Depois de uma trégua, curta, a seguir ao 25 de abril de 1974, temos novos protagonistas: o ELP – A Armada Anticomunista, mas apresentada como o exército de libertação de Portugal, o seu nome tal como o MDLP, associado a Spínola e Alpoim Calvão, fizeram história atacando sedes e centros de trabalho do PCP e do MDP/CDE bem como de partidos da extrema-esquerda, haverá nos Açores a FLA – Frente de Libertação dos Açores, que emergira do Movimento para a Autodeterminação do Povo Açoriano, haverá atividades e algumas bombas, na Madeira foi tudo mais brando, a FLAMA – Frente de Libertação do Arquipélago da Madeira também lançou uma campanha bombista, mas mais modesta.
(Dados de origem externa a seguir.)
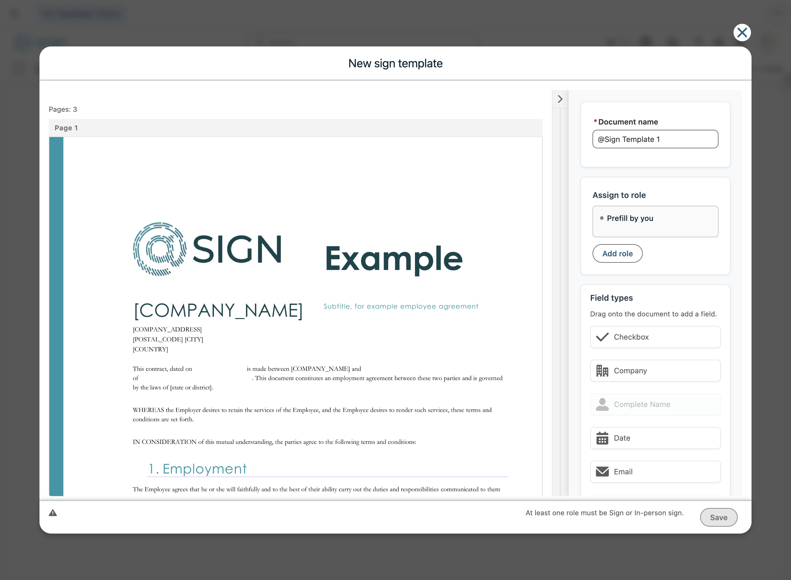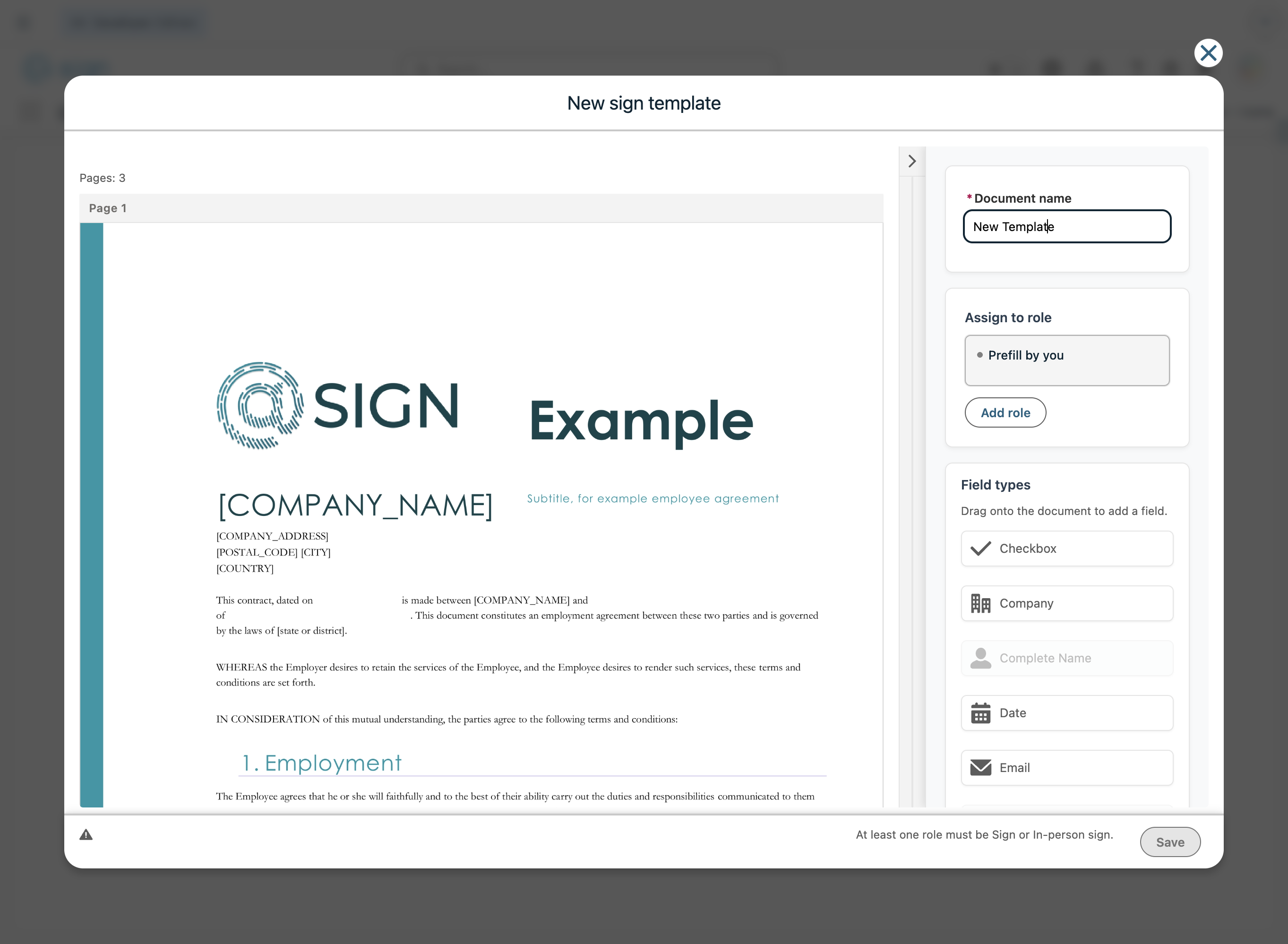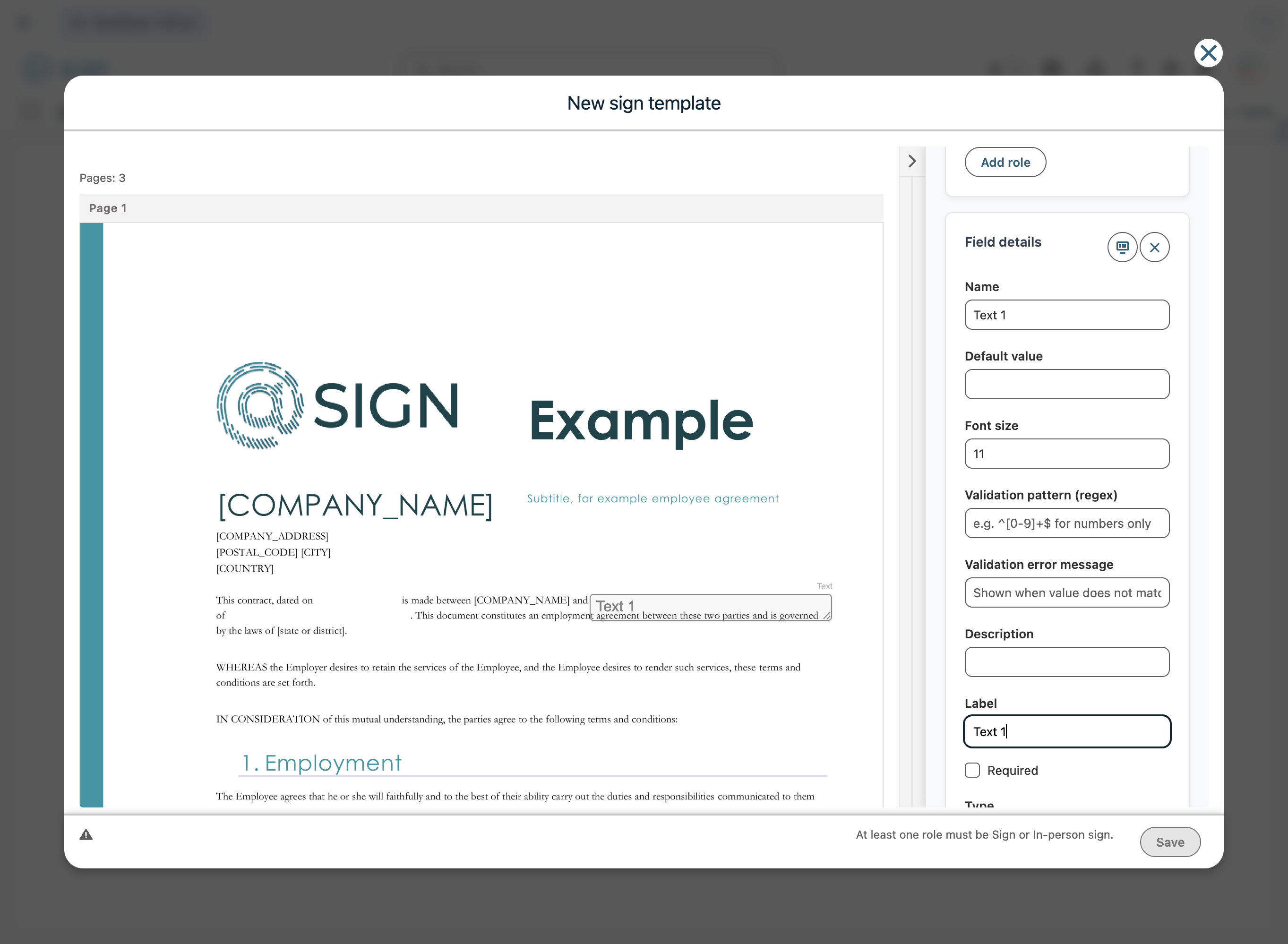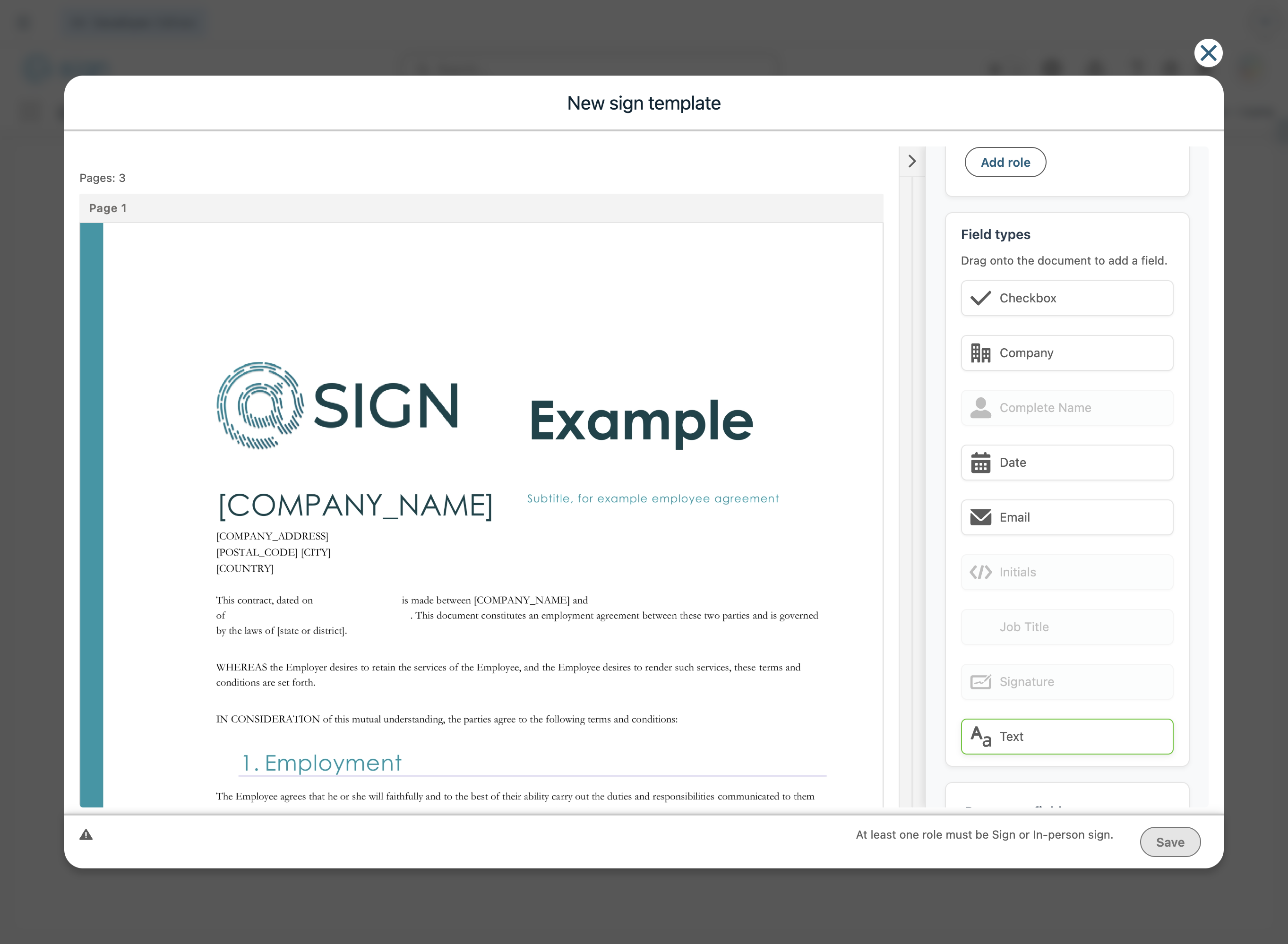 To create a new field, select the role in the sidebar and then you can drag and drop fields on the document. You can add additional roles by using the "Add role" button.

Na década de 1980 fizeram furor as FP-25 de Abril, que levaram uma das figuras míticas do 25 de abril, Otelo Saraiva de Carvalho, à prisão. Portugal não irá escapar a ajustes de contas de certos movimentos do terrorismo internacional, num congresso da Internacional Socialista, em abril de 1983, é morto um dirigente da OLP, e nesse mesmo ano um comando de 5 terroristas pertencentes ao Exército Revolucionário Arménio ataca a Embaixada da Turquia em Lisboa e faz reféns; Evo Fernandes, representante da RENAMO em Portugal, é executado perto de Cascais por agentes do Serviço Nacional de Segurança Popular, de Moçambique. E os GAL – Grupos Antiterroristas de Libertação, financiados com dinheiros do governo espanhol para combater a ETA, tinham uma ligação portuguesa.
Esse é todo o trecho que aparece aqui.